In Ecclesiastes 3, God shows us the inevitability of change by teaching us that "to everything, there is a time and a season under heaven." God doesn't lie. God doesn't exaggerate. Do you get the point that God Himself is the author of change in order to bring about events to the conclusion that He desires?

Some things, we have absolutely no control over. The breakup of the Worldwide Church of God forced changes on us. How did you deal with that? I ask, because those changes very definitely had the element of destruction in them. I've made it very clear that I believe that God, not Satan, did that for our good.

Did everything go smoothly for Israel in the wilderness? Deuteronomy 8:2-3 tells us that God at times deliberately tests us by producing changes that are uncomfortable and inconveniencing, to say the least—things like allowing us to go hungry. He produces changes that shake us out of our comfort zones. Good times have a way of lulling us into complacency. There are times that we need a change to test whether we are even in the faith. Repentance indicates the bringing of a positive spiritual and moral change. Repentance is a change God demands of us. In fact, even after He accepted us into His presence through Jesus Christ, it is a fact that He demands that we continue what has begun by producing yet more positive changes.
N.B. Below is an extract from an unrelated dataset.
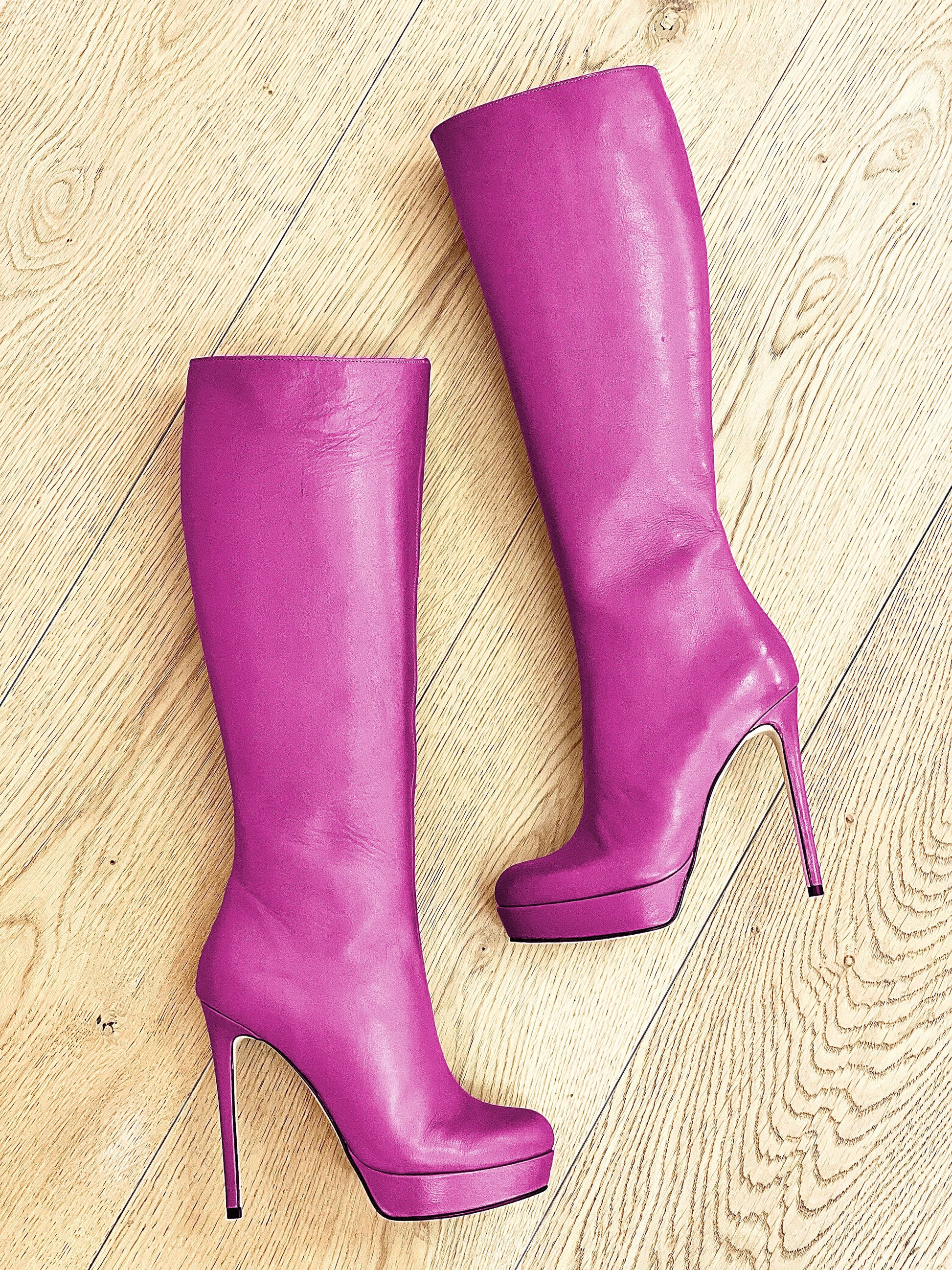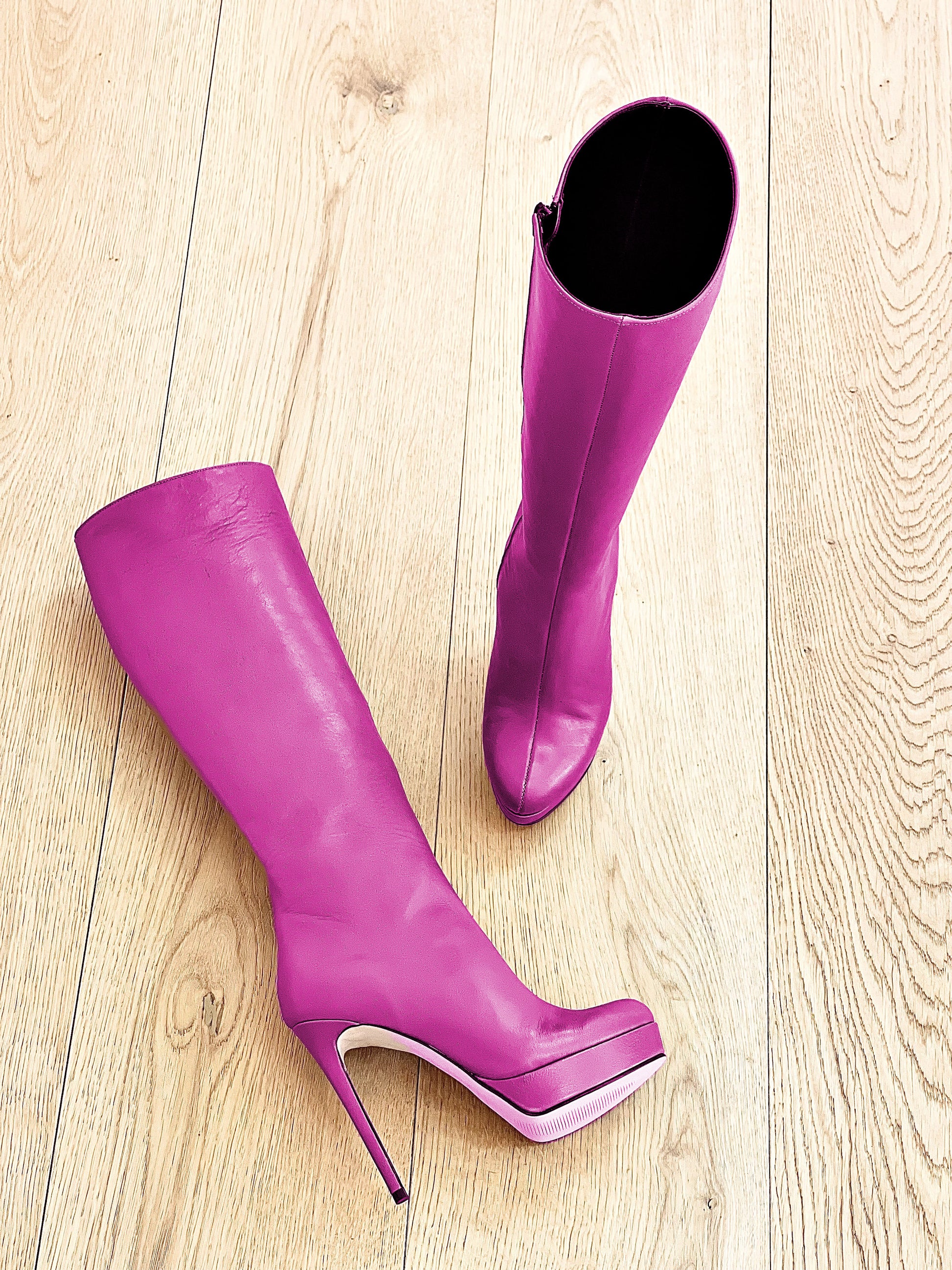 מגפי עור גבוהים עם חרטום עגול, פלטפורמה ועקב סטילטו.

I do not believe that you would want your children to remain forever at a six year-old level, would you? God clearly changes things, but yet He Himself never changes in His character and purpose for us. He is the major unchanging factor in this ever-changing world. The ethics and morals of this culture are changing, deteriorating, it seems, at the speed of light. The stresses required to resist not getting caught in the turbulent frustration and depression created in the wake of the changes is mounting. It wears some people out.

Jesus Christ is the same yesterday, today, and forever. He is most certainly not in process as we are. He is unchanging spirit. His love, His character, and His leadership are constant in a world where nothing stays the same for very long. Hebrews 1:10 states of Him:

Hebrews 1:10-12 You, LORD, in the beginning laid the foundation of the earth, and the heavens are the work of Your hands. They will perish, but You remain; and they will all grow old like a garment; like a cloak You will fold them up, and they will be changed. But You are the same, and Your years will not fail.

Whether we like it or not, we have to learn to deal with change because it is inevitable until we become like Him.